Finally, a last variant of the system according to the invention aims to ensure that the tank (2) can be filled from the tank (1) when the tank (2) is empty and the tank (1) is still filled (which can happen in case of prolonged frost). This problem is solved by providing a 3-way valve on the supply branch from the tank (1) connected to the downstream side the pump 30 by an additional line. This allows the transfer by turning the pump upside down. The present invention is illustrated in a nonlimiting manner in Figure 1. This represents an alternative system according to the invention for injecting a solution of urea in the exhaust gas of a diesel vehicle.
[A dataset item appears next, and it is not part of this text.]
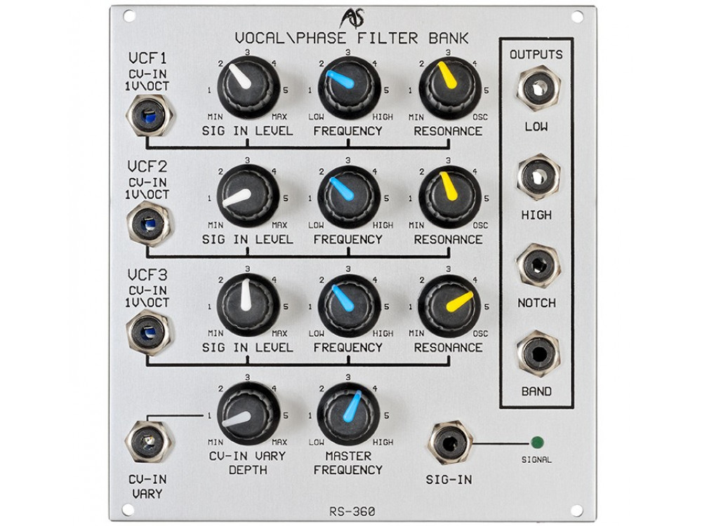 El Filtro RS360 Voz / Fase contiene tres filtros multimodo de resonancia de tensión controlada que se resumen en las salidas. Los filtros de paso bajo y paso alto con una pendiente de -24 dB / octava, mientras que la banda de paso y filtros de corte funcionan con pendiente -12 dB. El módulo es adecuado para crear sonidos y formantes vocales parecidos.

This system comprises two tanks (1, 2) filled with urea via a filling opening in the tank (2) closed by a plug (2 ') and via a line of overflow (3) which allows (by overflow) to fill the tank (1) when the tank (2) is filled. The tank (2) is provided with a heater (not shown) but not the tank (1). It also comprises a pump (4) and an injector (5) which is of the active type (performs the dosage of the amount of urea) and recirculates the amount of solution not normally consumed to the reservoir (1) via a line of return (6) provided with a non-return valve (7) (avoiding the direct transfer of solution from the reservoir to the injector). When the tank (1) is frozen, the recirculation takes place via the line (6 ') provided with a valve (7') normally closed but tared so as to open when the line (6) is blocked. The tanks (1) and (2) are connected to the pump (4) by a common section of supply line (8) provided with a heating device (not shown) and by two branches (8 ', 8 " ) connected to the section (8) by a T-shaped connection These branches are provided with nonreturn valves (10, 11) calibrated so that: the valve (10) is open as soon as there is urea in the tank (1) (and thanks to a float assisted by a spring) and closed otherwise the valve (11) is normally closed and opens only if the pump is running and that the valve (10) is closed or the branch (8 ') obstructed.

The illustrated system also comprises a 3-way valve (12) disposed on the branch (8 ') and connected to the downstream side of the pump (4). Once the tanks (1, 2) are filled and the pump (4) is started, the system operates as follows: In normal time (excluding frost), the pump (4) will suck urea solution 25 into the tank (1) via the branch (8 '), the T (9) and the section (8) and will supply this solution to the injector (5) which will inject into the exhaust gas, the required amount of solution and recirculate to the tank (1), via the line (6), the amount not consumed. As soon as the reservoir (1) is empty, the valve (10) closes and the valve (11) then opens, allowing the pump (4) 30 to suck urea solution into the reservoir (2). ) via the branch (8 "), the T (9) and the section (8) to feed this solution to the injector (5) In case of frost, the tank heater (2) starts up and if / when the reservoir (1) and / or the branch (8 ') are frozen, the valve (11) will open and the pump (4) will suck the solution into the reservoir (2).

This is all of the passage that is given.